This may be done either at the level of assay of the appropriate enzymes involved
in the metabolism of key carcinogens or by looking more directly at such DNA
damage as adduct formation or production of double minute chromosomes. Spitz
et al[39] have recently reported that patients with curatively treated upper
aerodigestive cancers whose peripheral lymphocytes were hypersensitive to in
vitro mutation induction by bleomycin had a significantly higher incidence of
synchronous or metachronous second primary malignancies than those with lower
mutagen sensitivity. Mutagen sensitivity did not correlate with age, sex, smoking
status, or tumor stage. It will be important to verify this finding and extend
such studies to prospective monitoring of populations at high risk of developing
their first malignancy. The ability to use an easily obtained and renewable
tissue such as peripheral lymphocytes facilitates tests of this sort for both
the individual patient and the longitudinal studies should there be concern
about changes in mutagen sensitivity over time.[40]
A further approach to defining
individuals at high risk will be to identify those genetic changes that may
facilitate the occurrence, retention, or misrepair of somatic mutations independently
from exposure to exogenous mutagens.
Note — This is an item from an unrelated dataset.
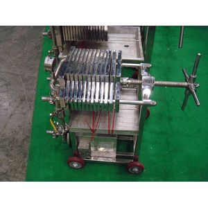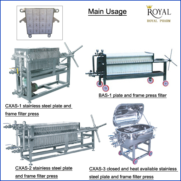 Yongquan Brand Model CXAS-1 stainless steel plate and frame filter press adopts 304 or 316L superior stainless steel materials for the manufacture. It is the first updating and upgrading product in China. It can only be produced by this factory with unique appearance design, novel internal structure, strong anti-corrosion performance, fine durability, long service life. Its function will be doubled after use. This product reaches the advanced international level. It can replace for the imported equipments. The sound when the machine runs is lower than 80Db(A). It is an ideal device for GMP and CGMP Attestation. It gains five state patents and national invention silver prize.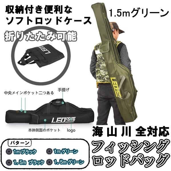 フィッシングロッドケース ロッドバッグ ロッドケース 1.5m グリーン 畳める ソフトケース 釣り フィッシング 釣り竿 釣り竿ケース 釣りバッグ FRCASE-15-GR

The delineation of the mutator phenotype
and its role in the development of human colorectal adenocarcinoma, as well
as evidence that the frequency of occurrence and the efficiency of repair of
various types of p53 mutations are important in their transforming ability,
suggest that this may be a useful approach. Such changes may antedate more specific
changes in the activation of oncogenes or tumor suppressor gene inactivation
and may provide a simpler unitary point of intervention for prevention strategies.
Prospects for New Screening
Approaches
The large trials of screening
by CXR and morphologic examination of exfoliated cells were not only criticized
in terms of their lack of statistical power to detect small differences in mortality,
but also hampered by technologies that could detect cancers late in the biologic
history of the disease. Biologic markers of earlier disease are required.
Table 4. Monoclonal
Antibody Staining of Atypical Sputum
_______________________________________________________________________
Assay Technical
Status |
Assay Result |
Subsequent Lung
Cancer |
No Subsequent
Lung Cancer |
Total |
| Satisfactory |
Positive |
20 |
5 |
25 |
|
Negative |
2 |
35 |
37 |
| Subtotal |
|
22 |
40 |
62 |
| Unsatisfactory |
|
4 |
3 |
7 |
| Total |
|
26 |
43 |
69 |
From Tockman et al[42]
_______________________________________________________________________
Immunostaining of Sputum
Specimens
One approach to improving
the sensitivity of analysis of examination of exfoliated cells is immunostaining
of sputum. Tockman et al[41] reported that immunostaining of cytologically atypical
sputa obtained and archived in the JHLP was able to predict which patients would
go on to develop invasive carcinoma, with a lead of approximately 20 months
prior to clinical diagnosis.[41] These investigators used a pair of monoclonal
antibodies, one raised against a squamous cell line and the other raised against
a small cell cancer line, to examine preserved sputa from 26 patients who were
known to have subsequently developed lung cancer and specimens from 43 participants
who did not develop cancer (Table 4).[42] This dual antibody panel was able
to detect both small cell and non-small cell histologies. The likelihood that
a premalignant specimen from a patient (from this population of patients with
cytologic atypia) who subsequently developed invasive cancer would stain positively
with one or both of the antibodies was highly significant (P=.0001).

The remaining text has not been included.